This set of software is to accompany the article (publication pending), please refer to it for more details on the project itself.

1. Requirements/Dependencies
2. Introduction
3. Important notes
- 3.1. Nextflow caching and storage capacity
- 3.2. Results directory structure
4. Software description

1. Requirements/Dependencies

Standard Anaconda installation (pandas < 1.0, numpy, Jupyter notebooks, etc).
tqdm -- for progress bars
swifter -- for parallelisation (speeds the dichotomisation up drastically)
pomegranate -- library for probability distributions
Nextflow -- for pipelines (link)

The conda environment file (stochastic_env.yml) is provided, and it is encouraged to use it, so no library version mismatch happen.

2. Introduction

Different parts of the project were implemented as either standalone python scripts, scripts as the part of the nextflow pipelines, Mathematica notebooks, or Jupyter notebooks (mostly for the later stages of the project)

Note: even though the pipeline scripts can be run manually, I highly suggest running them via nextflow (this allows running the whole pipeline from input to the final results without interruption and any intervention from the user)

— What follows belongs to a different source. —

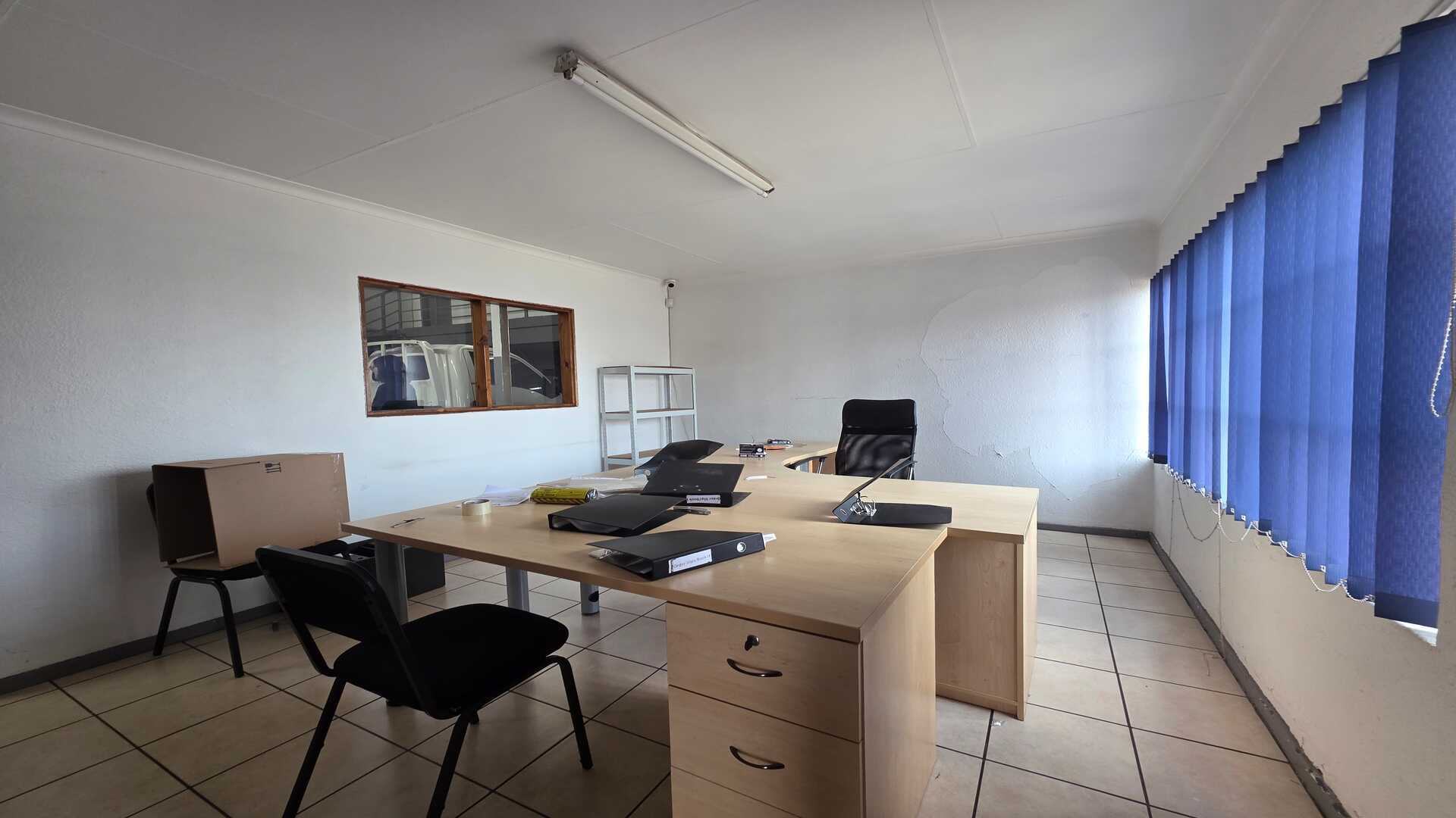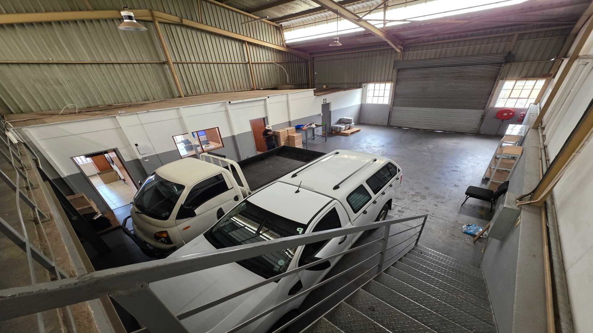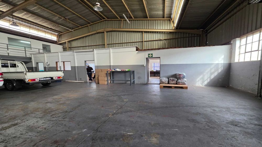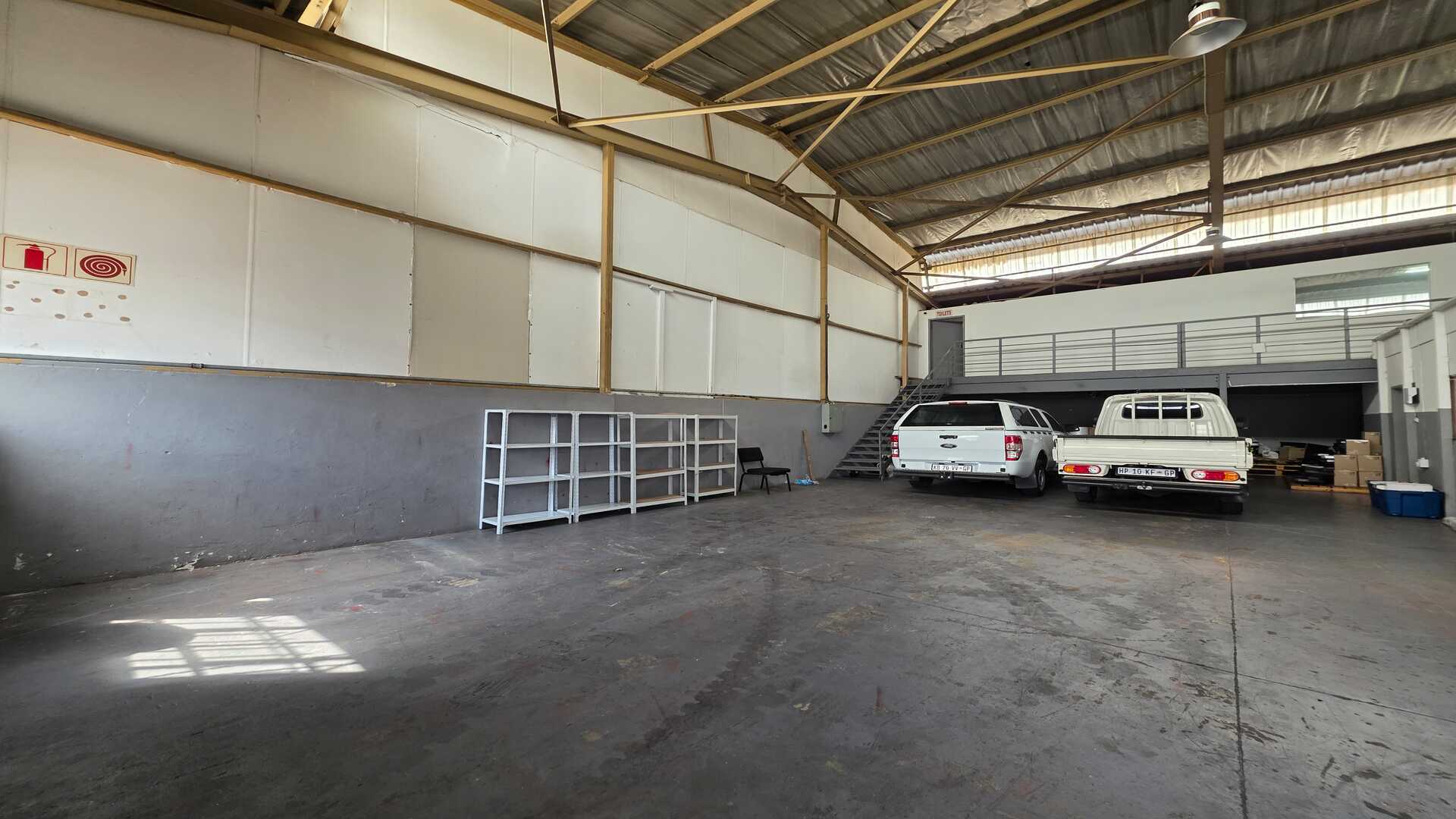 Unit size of 250sqm under roof including office space. 1 x large roller shutter door. 3phase power 100amps. Good height to eaves for racking or stacking. The warehouse floors are in a good condition and the unit will suit most industries, like logistics, light manufacturing and storage. Reception area with ablution on the ground floor, first floor has a large open planned office with ablution. Price excludes Fixed Monthly Charges and Ops costs. The N12, R21 and R24 freeways are easily accessible with O.R. Tambo International Airport being within 5km (7mins) distance. AVAILABLE IMMEDIATELY

The following documentation describes all the components in the roughly logical order (more or less in the order parts of the project are to be executed).

For the details on the methods and the project itself see the article pending

3. Important notes

3.1. Nextflow caching and storage capacity

Nextflow creates a lot of temporary files! Even though this is sometimes useful (e.g. when you change a small part of the pipeline, and run the pipeline again with -resume option, it will rerun only the parts that have been affected), it is advised to keep an eye on the directory (work/) and clean it from time to time.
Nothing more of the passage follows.